ZeroMQ word count app gives error when you compile in spark 1.2.1

我正在尝试将 zeromq 数据流设置为 spark。基本上我拿了 ZeroMQWordCount.scala 应用程序并尝试重新编译它并 运行 它。

我安装了zeromq 2.1和spark 1.2.1 这是我的 Scala 代码:

package org.apache.spark.examples.streaming

import akka.actor.ActorSystem
import akka.actor.actorRef2Scala
import akka.zeromq._
import akka.zeromq.Subscribe
import akka.util.ByteString

import org.apache.spark.streaming.{Seconds, StreamingContext}
import org.apache.spark.streaming.StreamingContext._
import org.apache.spark.streaming.zeromq._

import scala.language.implicitConversions
import org.apache.spark.SparkConf

object ZmqBenchmark {
  def main(args: Array[String]) {
    if (args.length < 2) {
      System.err.println("Usage: ZmqBenchmark <zeroMQurl> <topic>")
      System.exit(1)
    }
    //StreamingExamples.setStreamingLogLevels()
    val Seq(url, topic) = args.toSeq
    val sparkConf = new SparkConf().setAppName("ZmqBenchmark")
    // Create the context and set the batch size
    val ssc = new StreamingContext(sparkConf, Seconds(2))

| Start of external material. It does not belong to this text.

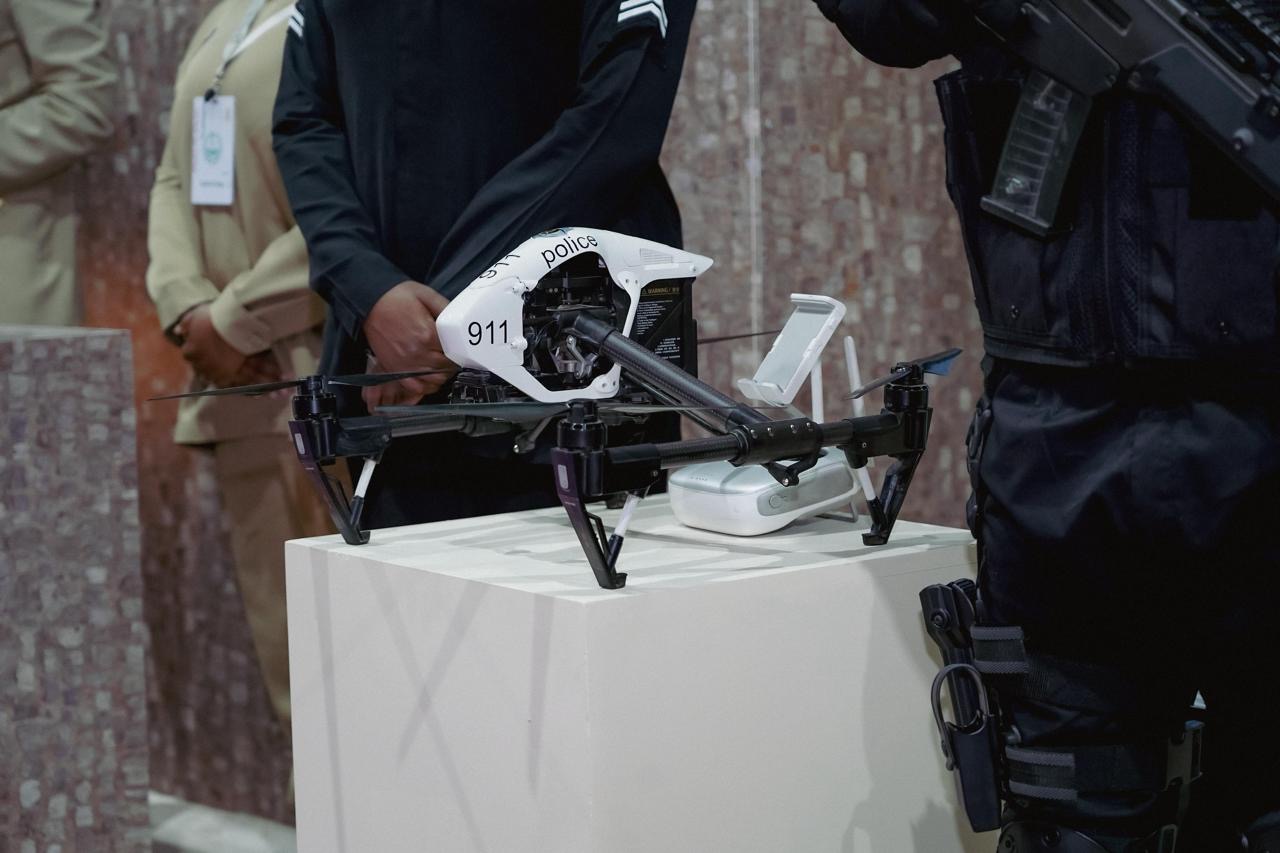 يستعرض الأمن العام لزوّار جناح وزارة الداخلية بمؤتمر ومعرض الحج، طائرة دون طيار (درون)، لرصد المخالفين لأنظمة الحج، وقياس الكثافة، بما يحقق انسيابية حركة الحشود في المشاعر المقدسة.

    def bytesToStringIterator(x: Seq[ByteString]) = (x.map(_.utf8String)).iterator

    // For this stream, a zeroMQ publisher should be running.
    val lines = ZeroMQUtils.createStream(ssc, url, Subscribe(topic), bytesToStringIterator _)
    val words = lines.flatMap(_.split(" "))
    val wordCounts = words.map(x => (x, 1)).reduceByKey(_ + _)
    wordCounts.print()
    ssc.start()
    ssc.awaitTermination()
  }
}

这是我的 .sbt 依赖文件:

name := "ZmqBenchmark"

version := "1.0"

scalaVersion := "2.10.4"

resolvers += "Typesafe Repository" at "http://repo.typesafe.com/typesafe/releases/"

resolvers += "Sonatype (releases)" at "https://oss.sonatype.org/content/repositories/releases/"

libraryDependencies += "org.apache.spark" % "spark-core_2.10" % "1.2.1"

libraryDependencies += "org.apache.spark"  %% "spark-streaming" % "1.2.1"

libraryDependencies += "org.apache.spark" % "spark-streaming-zeromq_2.10" % "1.2.1"

libraryDependencies += "com.typesafe.akka" %% "akka-actor" % "2.2.0"

libraryDependencies += "org.zeromq" %% "zeromq-scala-binding" % "0.0.6"

libraryDependencies += "com.typesafe.akka" % "akka-zeromq_2.10.0-RC5" % "2.1.0-RC6"

libraryDependencies += "org.apache.spark" % "spark-examples_2.10" % "1.1.1"

libraryDependencies += "org.spark-project.zeromq" % "zeromq-scala-binding_2.11" % "0.0.7-spark"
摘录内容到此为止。